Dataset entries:
=====

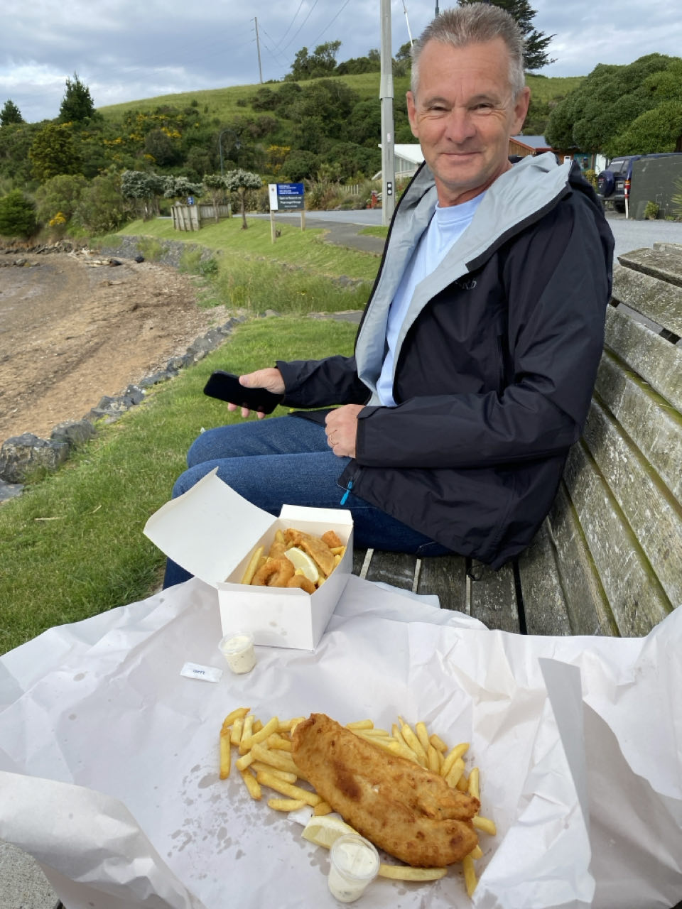 Daarna wandelden we door de stad. Gezellige stad met veel leuke zaakjes en ook oudere gebouwen. Vervolgens reden we door naar Portobello waar onze BenB ligt. Brenda vertelde dat de betere restaurants op dinsdag gesloten waren. Wel kon je fish and chips kopen tot half acht. Die werden gebakken door Wayne, haar man. We denken dat hij allerlei taken op zich heeft genomen om de kleine community van Portobello leefbaar te houden, want Wayne brengt soms ook de post rond terwijl ze allebei volgens ons de pensioengerechtigde leeftijd hebben. Vanmiddag kwamen ze rond vier uur terug van een fietstocht. Maar misschien hebben we gewoon teveel fantasie, dat kan ook nog.
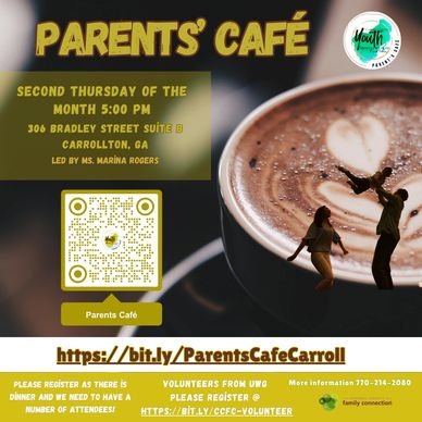 The next Parent's Café is on second Thursday of the month at 5 pm
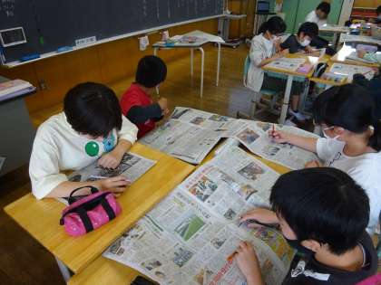 国語科では、和語・漢語・外来語の学習を進めています。和語は、やさしい感じがする!漢語は、かたい感じがする!外来語は、外国から来た言葉かな?などと、言葉のもつ雰囲気を感じながら取り組みました。新聞紙の中にもたくさんの和語・漢語・外来語があり、グループのみんなで多くの言葉を探すことができました。
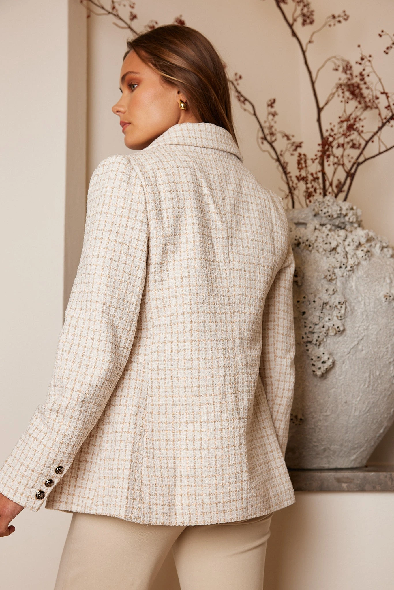 Our Jemah Blazer comes in a print in shades of beige. Give your winter corporate look an ultra-sophisticated update with this staple that features a notched lapel collar, long sleeves, mid-front buttons and side double welt pockets. Style with a shirt and trousers ensemble!
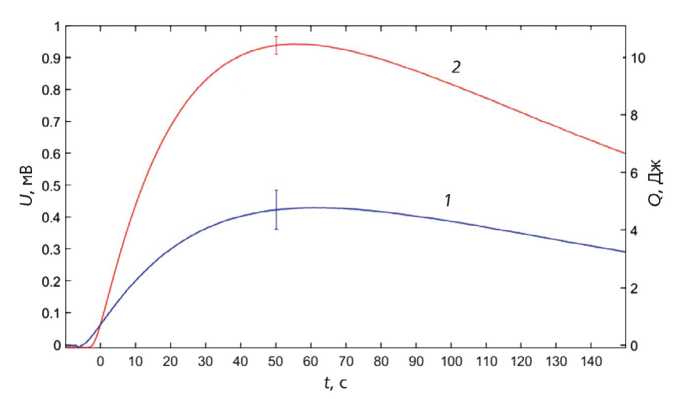 Рис. 4. Энергия в импульсе излучения, измеренная калориметром в случае его присоединения непосредственно к вакуумной трубе, в режиме с плотностью тока пучка 1 кА/см2 (кривая 1) и с плотностью тока пучка 2 кА/см2 (кривая 2).
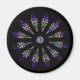 A lovely stained glass pattern adorns this magnet in dominant colours of purple, blue, yellow and black. Twelve abstract feathers circle a central mask to form a spiritual mandala design with a Native American sensibility.
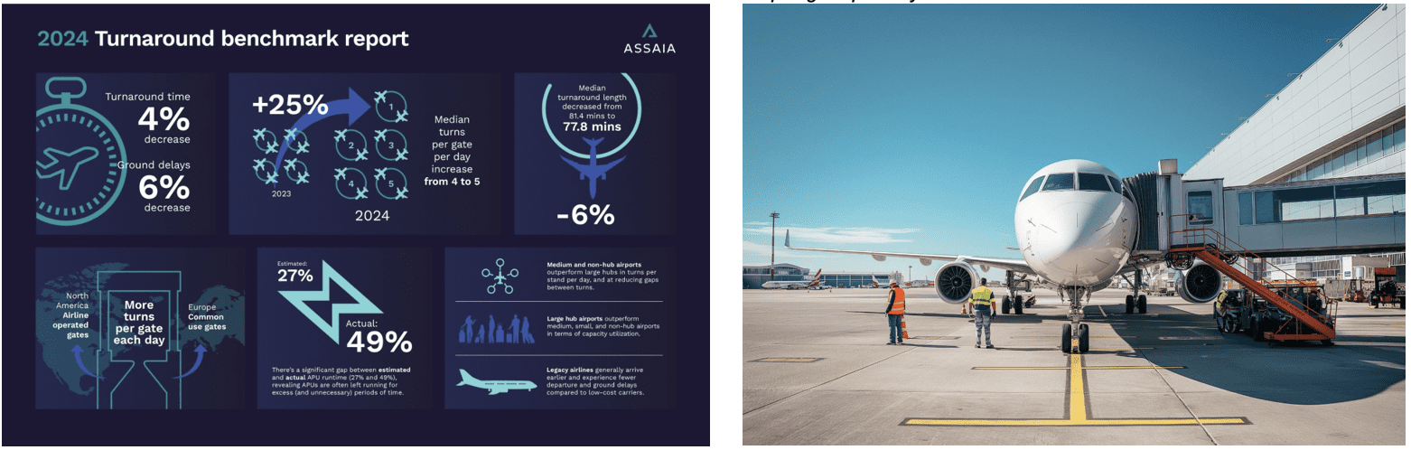 Long Beach. CA, November 07, 2024 — AI technology used by airports and airlines during the aircraft turnaround — the time between an aircraft landing and departing again — is proven to increase operational efficiency and reduce delays, according to the 2024 Turnaround Benchmark Report from Assaia. Contributing significantly to airline and airport profitability, these efficiency gains lower operational costs, improve customer satisfaction and maximize aircraft utilization and airport capacity.
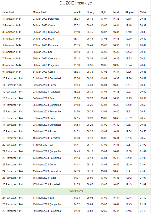 İşte 2023 Düzce imsakiyesi

=====

Work order: Repeat the data exactly. Pictures should not appear.

Result:
 Daarna wandelden we door de stad. Gezellige stad met veel leuke zaakjes en ook oudere gebouwen. Vervolgens reden we door naar Portobello waar onze BenB ligt. Brenda vertelde dat de betere restaurants op dinsdag gesloten waren. Wel kon je fish and chips kopen tot half acht. Die werden gebakken door Wayne, haar man. We denken dat hij allerlei taken op zich heeft genomen om de kleine community van Portobello leefbaar te houden, want Wayne brengt soms ook de post rond terwijl ze allebei volgens ons de pensioengerechtigde leeftijd hebben. Vanmiddag kwamen ze rond vier uur terug van een fietstocht. Maar misschien hebben we gewoon teveel fantasie, dat kan ook nog.
 The next Parent's Café is on second Thursday of the month at 5 pm
 国語科では、和語・漢語・外来語の学習を進めています。和語は、やさしい感じがする!漢語は、かたい感じがする!外来語は、外国から来た言葉かな?などと、言葉のもつ雰囲気を感じながら取り組みました。新聞紙の中にもたくさんの和語・漢語・外来語があり、グループのみんなで多くの言葉を探すことができました。
 Our Jemah Blazer comes in a print in shades of beige. Give your winter corporate look an ultra-sophisticated update with this staple that features a notched lapel collar, long sleeves, mid-front buttons and side double welt pockets. Style with a shirt and trousers ensemble!
 Рис. 4. Энергия в импульсе излучения, измеренная калориметром в случае его присоединения непосредственно к вакуумной трубе, в режиме с плотностью тока пучка 1 кА/см2 (кривая 1) и с плотностью тока пучка 2 кА/см2 (кривая 2).
 A lovely stained glass pattern adorns this magnet in dominant colours of purple, blue, yellow and black. Twelve abstract feathers circle a central mask to form a spiritual mandala design with a Native American sensibility.
 Long Beach. CA, November 07, 2024 — AI technology used by airports and airlines during the aircraft turnaround — the time between an aircraft landing and departing again — is proven to increase operational efficiency and reduce delays, according to the 2024 Turnaround Benchmark Report from Assaia. Contributing significantly to airline and airport profitability, these efficiency gains lower operational costs, improve customer satisfaction and maximize aircraft utilization and airport capacity.
 İşte 2023 Düzce imsakiyesi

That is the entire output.